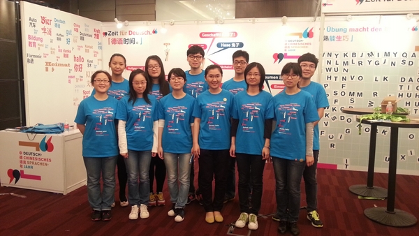 5月17日,suncitygroup太阳新城德语系的同学前往位于杨浦区的创智天地,作为志愿者参加中德语言年“德国留学文化日”上海站的活动。德国留学文化日是整个中德语言年的重头戏,分为报告厅和展区两个会场,在每一个角落都能看到德语系同学的身影。14名志愿者中有13名来自公司德语系,包括2位研究生和11名大三本科生,绝对是当天志愿者团队中的主力:他们积极为家长解答疑惑、给参与活动的同学指路,为整个活动的成功举办和高效运转做出了贡献。而德语系大一、大二的同学们也积极参与到活动中来,同样也是收获满满。
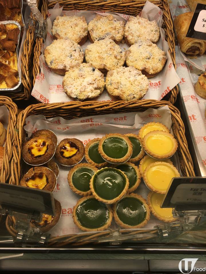 金鐘太古廣場地庫嘅超市 Great Food Hall,平日都係闊太或外藉人士閒逛嘅多,小記去開附近工作想買枝茶解解渴,行到去麵包櫃枱 area,驚人發現呢個青 BB 嘅綠茶蛋撻
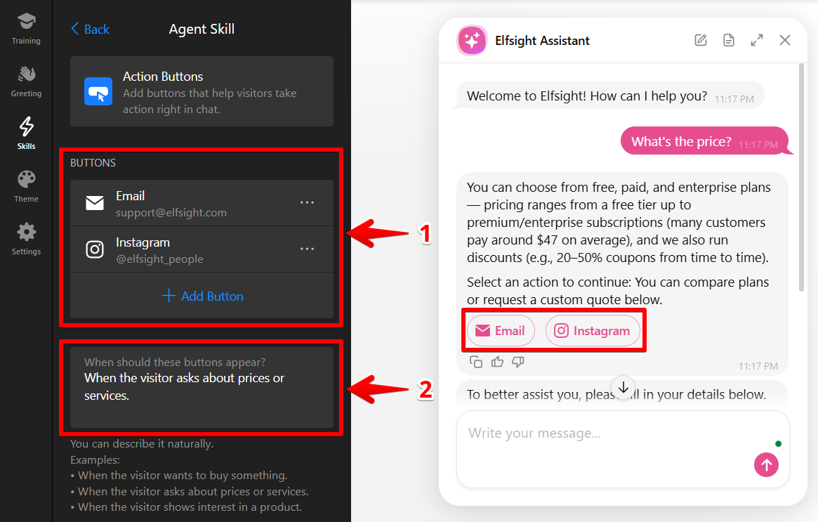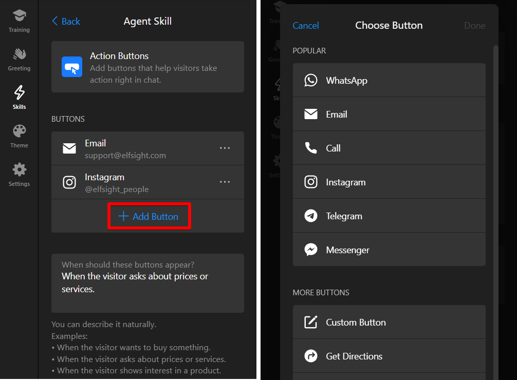 - Contact Buttons — Add buttons to the AI Agent's messages that will redirect the visitor to a real person.
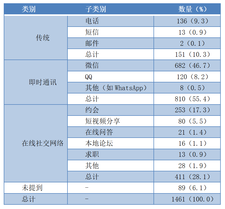 发现2:骗子更喜欢通过在线社交网络(OSN)寻找受害者并建立联系(如在线问答、求职)。
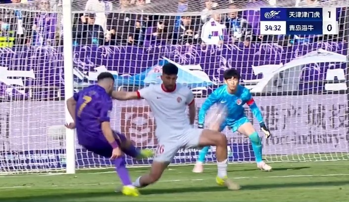 上半場,天津津門虎1-0青島海牛。
□ □ □ □
> Work order
Reproduce the span beginning at the line with "金鐘太古廣場地庫嘅超市 Great Food" and ending at the last line of the entries above, inclusive, exactly as it stands. Exclude the pictures.

> Response to this task
 金鐘太古廣場地庫嘅超市 Great Food Hall,平日都係闊太或外藉人士閒逛嘅多,小記去開附近工作想買枝茶解解渴,行到去麵包櫃枱 area,驚人發現呢個青 BB 嘅綠茶蛋撻
 - Contact Buttons — Add buttons to the AI Agent's messages that will redirect the visitor to a real person.
 发现2:骗子更喜欢通过在线社交网络(OSN)寻找受害者并建立联系(如在线问答、求职)。
 上半場,天津津門虎1-0青島海牛。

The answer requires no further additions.